Unfulfilled high skills jobs are America's Achilles Heel, a major impediment to securing this nation's sustainable economic recovery. Our digital ecosystem demands not only tech skills, but the often, undervalued information management ones as well.
 
March 5, 2012 - PRLog -- In spite of the continuing high unemployment rates in this country, some 3 million jobs go unfilled every year because employers across America cannot find the high skill workforce needed to fill the jobs.  Digital literacy is one of those high skill markers.

Digital literacy, however, is not the same as information literacy.  The former addresses the ability to use technology tools; the latter addresses how to maximize the intellectual utility of  these tools in the workplace. Our digital ecosystem demands workers who are not only skilled in the use of information and communication technologies, but who can also think creatively, use the best information to make informed decisions, and communicate information effectively.

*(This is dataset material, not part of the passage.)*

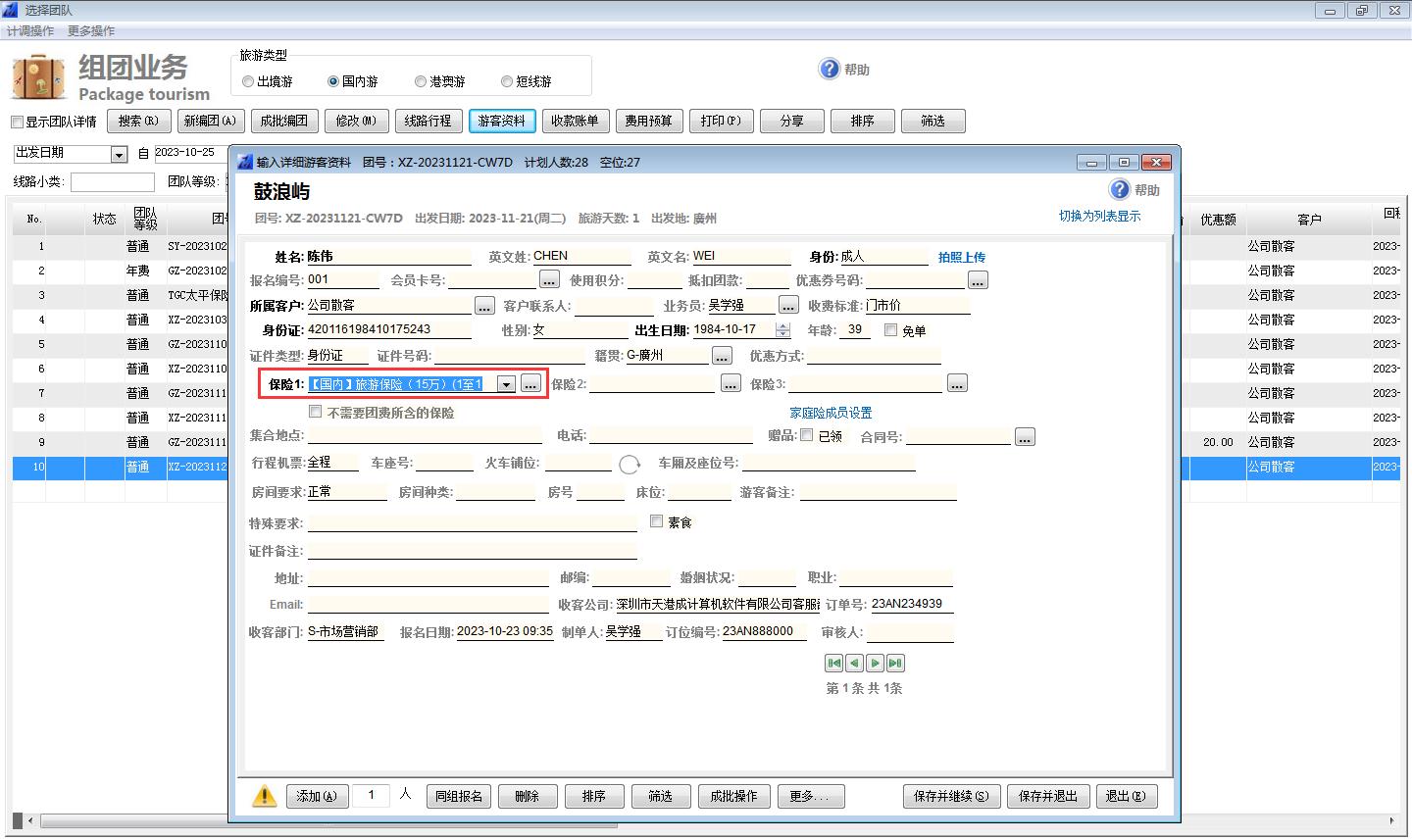 組團業務-游客資料進入,添加游客,選擇人保的保險產品

The National Forum on Information Literacy (NFIL), http://www.infolit.org, recently began a nationwide information literacy gubernatorial proclamation campaign.  In 2009, President Obama established October as National Information Literacy Awareness month, the first such recognition of its kind on the national level.  In 2011, Governor Deval L Patrick of Massachusetts was the first governor to issue an information literacy proclamation, http://infolit.org/?p=4721, underscoring its importance to the future educational and economic prosperity of the citizens of the Commonwealth.

The goal of this initiative is to raise awareness among policy makers in the other 49 states that information literacy is a critical force in state educational reform and economic recovery initiatives.  Led by Dr. Sharon A. Weiner, Vice President of the NFIL and Professor and W. Wayne Booker Chair on Information Literacy at Purdue University, this initiative has already captured the attention and imagination of information literacy advocates in a number of states, already beginning to draft recommendations for gubernatorial proclamations.  “You can always teach information literacy-with or without- the use of technology, but you cannot teach digital literacy without the availability of technological tools,” says Dr. Lana W. Jackman, President of NFIL.

Practicing information literacy in today’s digital ecosystem should be a fundamental outcome of every American’s K-20 educational experience. Promoting state recognition of this critical skill set as an essential component to any state’s current and long term plan for economic recovery supports the mission of the National Forum to mainstream information literacy in society.

Our successful transformation into a thriving, democratic information society and closing the U.S. skills gap demands that we do so. The economic and social benefits of digital literacy simply cannot flourish across the American landscape without the companion skill set of information literacy practice.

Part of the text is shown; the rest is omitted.